1. Basic bounce 1 minute
2. Fighting burpees 30 seconds: (Do a single burpee with a press-up and jump, then finish with four straight punches)
3. Side straddle 2 minutes: (Jump feet hip-width apart and in)
4. Fighting burpees 30 seconds
5. Forward and back skiers 2 minutes
6. Burnout 1min
11 online skipping workouts to try yourself
The gym workout is on hold and you’re ready to carve some time out for a sweaty skipping workout? Look no further. We’ve found the best skipping workouts from five to 60 minutes to swing your rope to.
1. 5-minute beginner skipping workout
Short, sharp, effective, this workout takes less time than downing your morning brew. Perfect for beginners, tag this onto the beginning or end of your workout and watch your form improve.
2. 10-minute beginner skipping workout
Make it longer with a ten-minute workout from the same jump roping dudes. They recommend using a 1lb skipping rope which is about 453 grams, but whatever you have at home (that’s not too heavy) is fine.
3. 10-minute jump rope routine
This ten-minute class features different skipping styles – from the double jump to side-to-side skips – which makes it perfect for those who are already familiar with skipping and want to try a new routine.
4. 10-minute skipping HIIT workout
A medley of skipping and HIIT exercises, join trainer Simeon for some serious sweat. Expect mountain climbers, high knees and jumping jacks, interspersed with bursts of skipping. Phew.

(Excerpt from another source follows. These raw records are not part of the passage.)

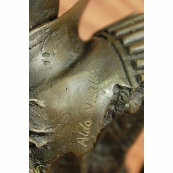 The late Michael Jackson was crowned the King of Pop long before his death. Here he is in one his most iconic dance moves. This gesture has been copied and incorporated into choreography year after year. Michael's dancing, music, and life influenced artists all over the world will continue for years to come. This Limited edition, 100% bronze sculpture sits on a black marble base and is signed by artistAldo Vitaleh. It was crafted using the lost wax method. Condition : This sculpture is in perfect condition. Bronze Dimensions with Marble Base:Height 23" x Width 15" Marble Dimensions: 8" x 6" Height without base: 19" Weight : 40 LBS Inventory : 45YRD89915054
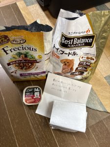 お手紙と共にトイレシート、ドックフードを頂きました。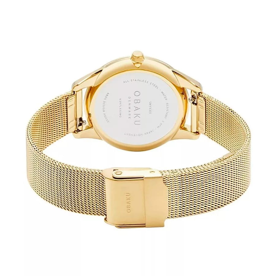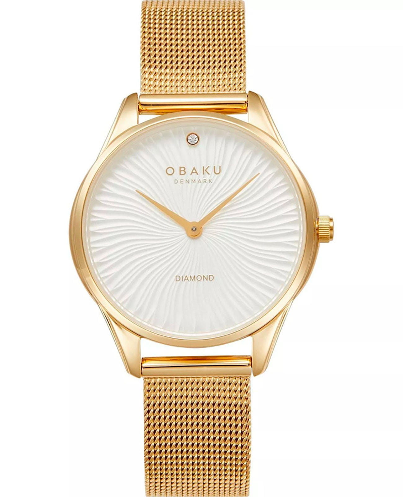 Женские наручные часы Obaku Diamond V297LXGIMG, кварцевый механизм с высокой точностью. Минеральное стеклоМинеральное стеклоМинеральное стекло представляет собой искусственно выращенный минерал кварца. Такое стекло отличается особой устойчивостью к повреждениям и царапинам. Уступает по некоторым качествам сапфировому стеклу. устойчивое к мелким механическим повреждениям. Корпус и браслет часов изготовлены из нержавеющей стали с IP-покрытиемIP-покрытиеМетод ионного напыления. Демонстрирует повышенную устойчивость к истиранию, окислению и химическим веществам. Под воздействием высокого давления и температуры около 1500°C молекулы металла надёжно соединяются с частицами корпуса часов.. Класс водозащиты: 30 метров, позволит защитить корпус от случайных брызг или капель дождя. Стальной браслет миланского плетения на раскладном замкеРаскладной замокДанный вариант застежки используется только на часах с металлическим браслетом. Отличительная особенность такого крепления в том, что длина браслета становится универсальной и вы можете самостоятельно отрегулировать нужный вам размер – застежка просто двигается по браслету часов. с IP-покрытиемIP-покрытиеМетод ионного напыления. Демонстрирует повышенную устойчивость к истиранию, окислению и химическим веществам. Под воздействием высокого давления и температуры около 1500°C молекулы металла надёжно соединяются с частицами корпуса часов.. Часы украшены бриллиантом.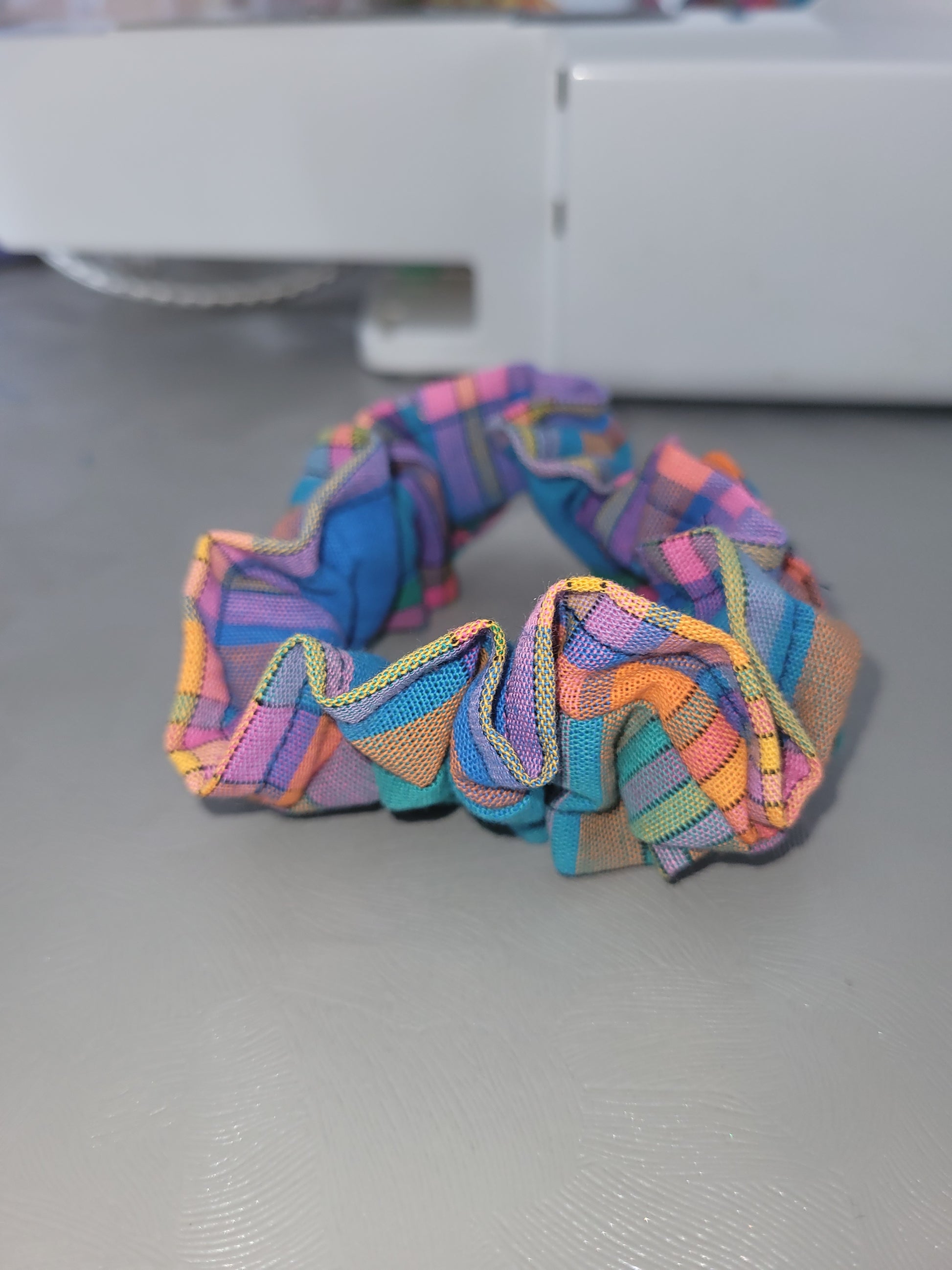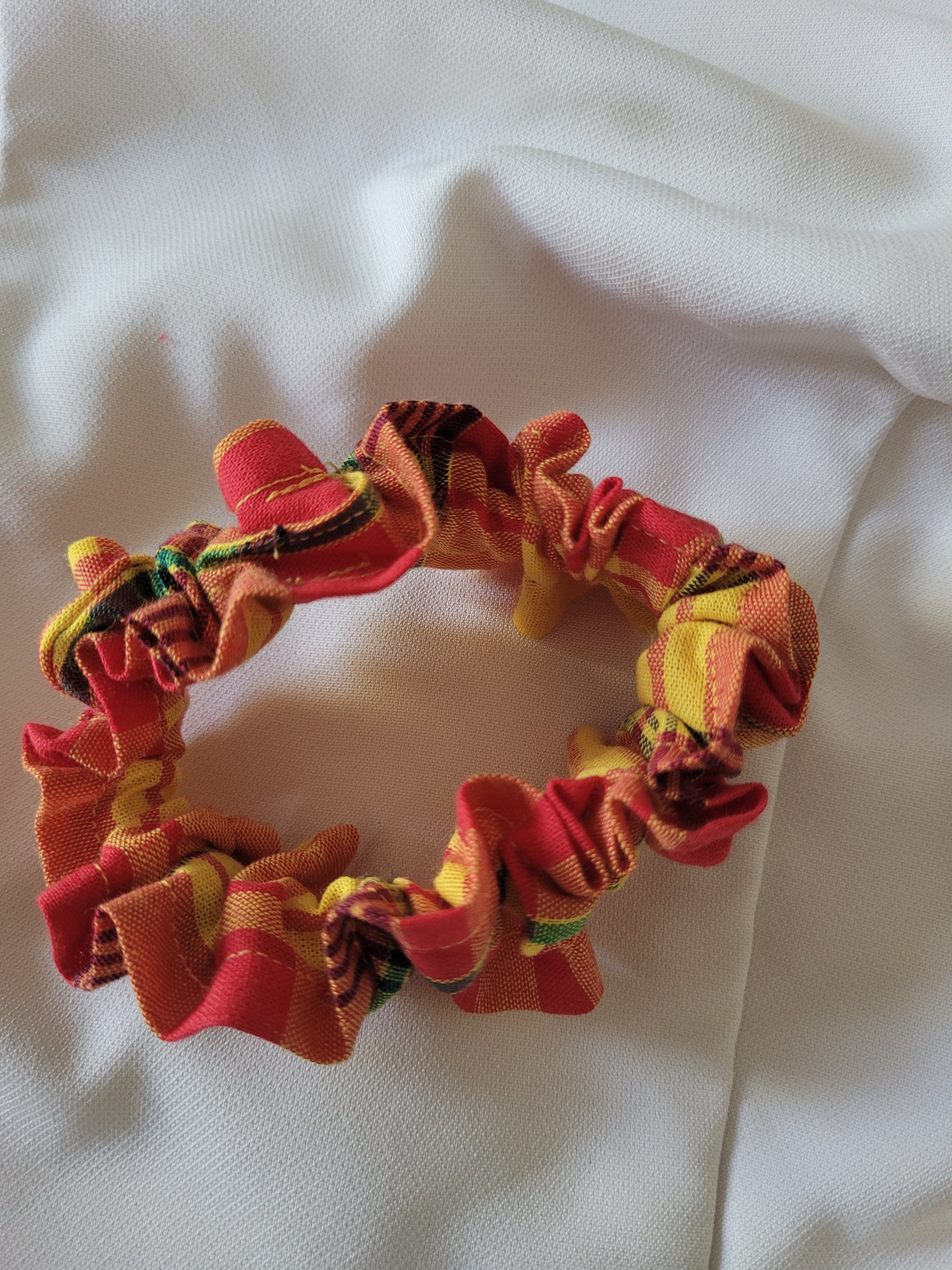 Nous vous proposons un chouchou en madras , dans un tissus coton avec un effet froufrous pour changer !

5. 15-minute cardio skipping workout
PT Sydney switches things up with a workout that uses the rope to skip but also to get some cardio moves in too. One of them, you hop from side to side over the rope on the ground. It’s fun, different and fast. Everything we love.
6. 20-minute jump rope HIIT workout
Slightly longer now (perfect for a lunch break or post-work session), this workout is easy to follow and perfect if you prefer sessions without much talking. Follow Rachel’s lead and listen out for the beeps to know when to change exercise.
7. 30-minute full-body skipping workout with Krissy Cela
Krissy designed this skipping workout exclusively for WH, switching between bodyweight exercises and skipping for the ultimate sweaty HIIT workout at home.
8. 30-minute full body HIIT skipping workout
Heather Robertson is one of YouTube’s most beloved trainers (1.3m subscribers, say what!) and her skipping workout is one not to be missed. Good to note that you’ll also need dumbbells for this full-body session.
9. 45-minute glutes and jump rope workout
Have three-quarters of an hour to spare? Sydney’s glute and skipping workout will build lower body muscle and improve your muscular endurance, too. This means you’ll sculpt and tone your lower body while also getting stronger too. We love.
10. 50-minute jump rope HIIT workout
A challenging workout (and not one we’d recommend for beginners), this workout cycles through 19 exercises, three times over. You’ll work for 30 seconds with 15 seconds rest each time. Sweatin’ hell.
11. 60-minute skipping workout
One of the hardest skipping workouts we’ve seen, you’ll switch between 60-seconds of bodyweight exercise and 60-seconds of skipping. Hard? You betcha. If you can’t complete the entire workout, no stress. Do as much as you can and take rests as needed.